I'm glad this community exists, but just wish more people would join! lol It's always nice to have a ton of opinions on the matter. ;)

I just turned 32 and, up until this point, either have vehemently rejected the idea of having kids (the world is pretty overpopulated), or have thought that if hubby and I ever did have any, we would be adopting them as they sure as hell weren't coming out of this body! lol I have no earthly idea why, but over the last week or so I've been going through yet another paradigm shift, and have started wondering if maybe I would be alright with the idea of birthing our possible children? Funny....I don't know how shunning commercial shampoos and considering using an IUD instead of hormonal birth control lead to all this, but...

Anyway, I mentioned my childbirthing thoughts to my husband (we've been married almost a year and a half) and he was stunned enough to forget what he had been talking about previously. lmao Glad to see I have that effect...dra

It's certainly not something to be rushed into, so we'll take our time thinking about it. I would rather take at least a year to flush all the BCP hormones out of my body anyway. We go to see the "Women's Wellness" nurse soon, where I'll be asking about an IUD.

Certainly a lot to ponder. On one hand, I've been in the Army for years now and like to think of myself as at least a little "hardcore"! ;) And getting knocked up is not exactly the type of thing hardcore types go around doing... And I know that there are a lot of women who take great pride in being Homemakers, and there is certainly nothing wrong with that.

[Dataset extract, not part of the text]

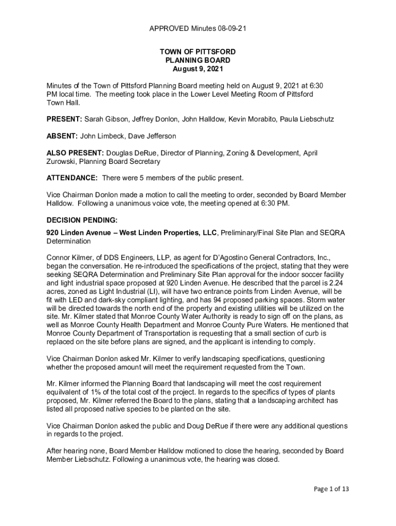 Minutes of the Town of Pitts ford Planning Board meeting held on August 9, 2021, at 6:30

BUT....for me? The thought of being "just" a housewife brings me to my knees. As in "distresses me to the point where I feel nauseous". I would feel like I was losing my identity... Especially in the line of work I'm in....to quote a phrase "You are the job"....or pretty close to it. However, I've also been considering breaking out and trying a career change.....one that would allow me to have more of a life, and wouldn't take me away from home, force me to work restrictive hours or shiftwork, or even possibly one where I could work from our home. Hmm...maybe this shift in my thinking has been going on a little longer than a week. ;) But maybe working from home would "mesh" with having children? *ponders* This would require additional schooling though, and then there's the issue of $$$! Student loans are a bitch... I'm still paying one off from years ago. Then again, if only affluent people with no outstanding debts had kids, the world would likely be way less populated. lol Hubby also wants to leave the Army and start his own business up. There's always small business grants though, if you're lucky enough to get one.

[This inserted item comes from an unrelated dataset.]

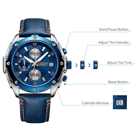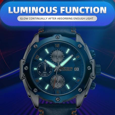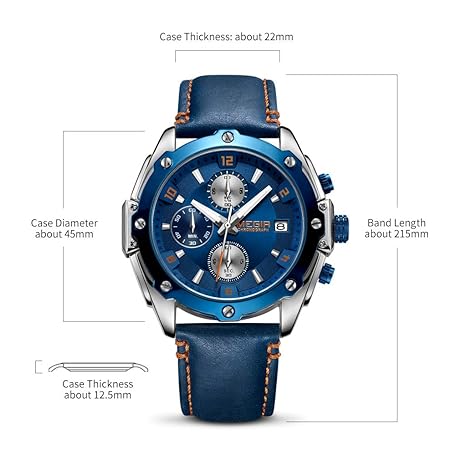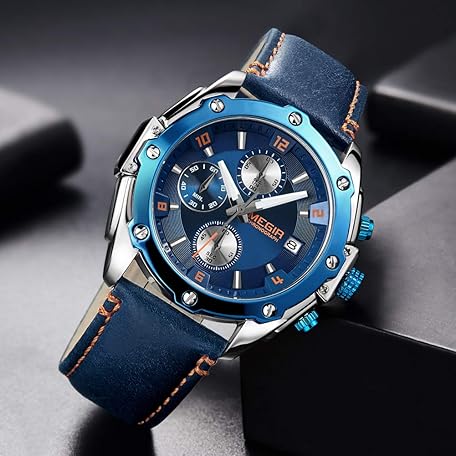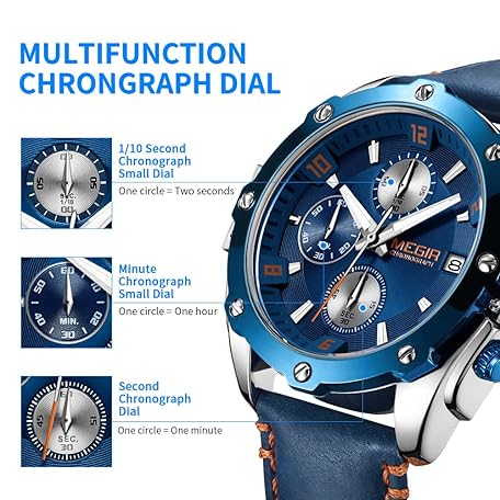 Sản phẩm MEGIR Men Business Analogue Quartz Watch with Fashion Blue Leather Strap Chronograph Luminous Auto Calendar for Sport & Work 2074 Blue đang được bán với giá ưu đãi là $39.2291 tại nước Mỹ.

Other issues that worry me are: lack of spontenaity (my sister took at least HALF A DAY to get it together enough to "spontaneously" leave the house when my niece was a babe!), I like maintaining a high fitness level and that takes *time*, worrying that I'll be left to do ALL of the domestic stuff by myself (I need to have a complete meltdown for hubby to offer to help around here to begin with), and some other things, I'm sure, that don't come to mind at the moment. *sigh*

So, yeah, I'm definitely wondering how will I know? A lot of thinking going on over the last couple of days....that's for sure.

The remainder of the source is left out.